In the last two entries in this tutorial series I showed you how to use Docker to maintain a reproducible environment for conducting statistical analyses. Conducting reproducible reseach is primarily about scientific honesty, transparency, and the maintenance of high scientific standards. However, the choice to use Docker for reproducible research also has an awesome side-benefit: the ability to run docker containers remotely on cloud servers. In this tutorial I’ll show you how to run your docker containers on a virtual cloud “workstation” using DigitalOcean.

What’s DigitalOcean?

DigitalOcean logo

DigitalOcean is a web-hosting company that lets you rent virtual servers called “droplets.” Using droplets or other virtual private servers as remote workstations is a very economical way to access extra computing power. For me, for at least 80% of my workday my laptop is totally sufficient, but sometimes I really need some extra cores or extra ram (mostly for MCMC samping with the excellent but computationally demanding BRMS R package). For those times I can spin up an an 8-core workstation with 16gb of ram whenever I like at a rate of $0.24 per hour, billed to the minute.

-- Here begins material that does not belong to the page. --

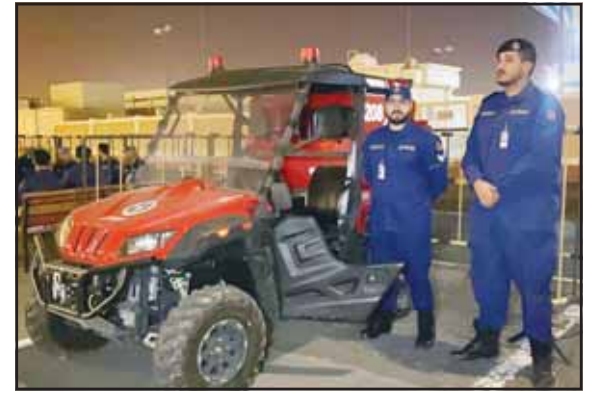
KFF use such buggies in case of inaccessible spots at the blaze site.
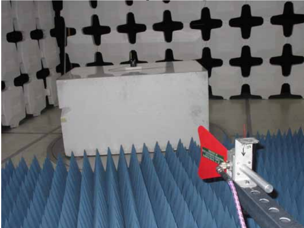
Test Setup for Radiated Emissions, 1GHz to 10GHz – Horizontal Polarization

Because I only pay for the time I actually use the droplet, the extra computing power usually costs me less than my daily coffee. Perhaps that’s not enough for you? As of this writing, droplets scale all the way up to 32 cores and 192gb of ram for $1.43 an hour.

In addition to DigitalOcean, there are a number of other VPS providers that offer similar services. The heaviest hitters are Amazon Web Services and Google Compute Engine. I like DigitalOcean because it offers “dedicated” cpu instances, has a nice web interface, has nice CLI tools, offers great documentation, and is about as cheap as you’ll find anywhere for similar quality.

Running Docker containers on DigitalOcean droplets

In the first part of the tutorial we’ll …

  1. Sign up for DigialOcean
  2. Create SSH keys to make it easy to access our remote instances
  3. Create a DigitalOcean droplet with Docker
  4. Run RStudio on our remote droplet
  5. “Destroy” the droplet so we stop getting billed for it

Step 1: Sign up with DigitalOcean

I suggest you sign up using my DigitalOcean referral link to get a $10 credit for DigitalOcean. That way you can finish this tutorial and try out DigitalOcean for free!

Step 2: Create SSH keys

Per Wikipedia:

Secure Shell (SSH) is a cryptographic network protocol for operating network services securely over an unsecured network. The best known example application is for remote login to computer systems by users.

We’ll use SSH to communicate with the remote droplet on DigitalOcean and to remotely run commands, such as initiating the docker container. In addition, we can use it to create a “tunnel” between a port on our local machine and the remote machine, and can also use it to transfer files back and forth. Using an SSH key will let us do all of this securely without having to enter passwords at every step of the way.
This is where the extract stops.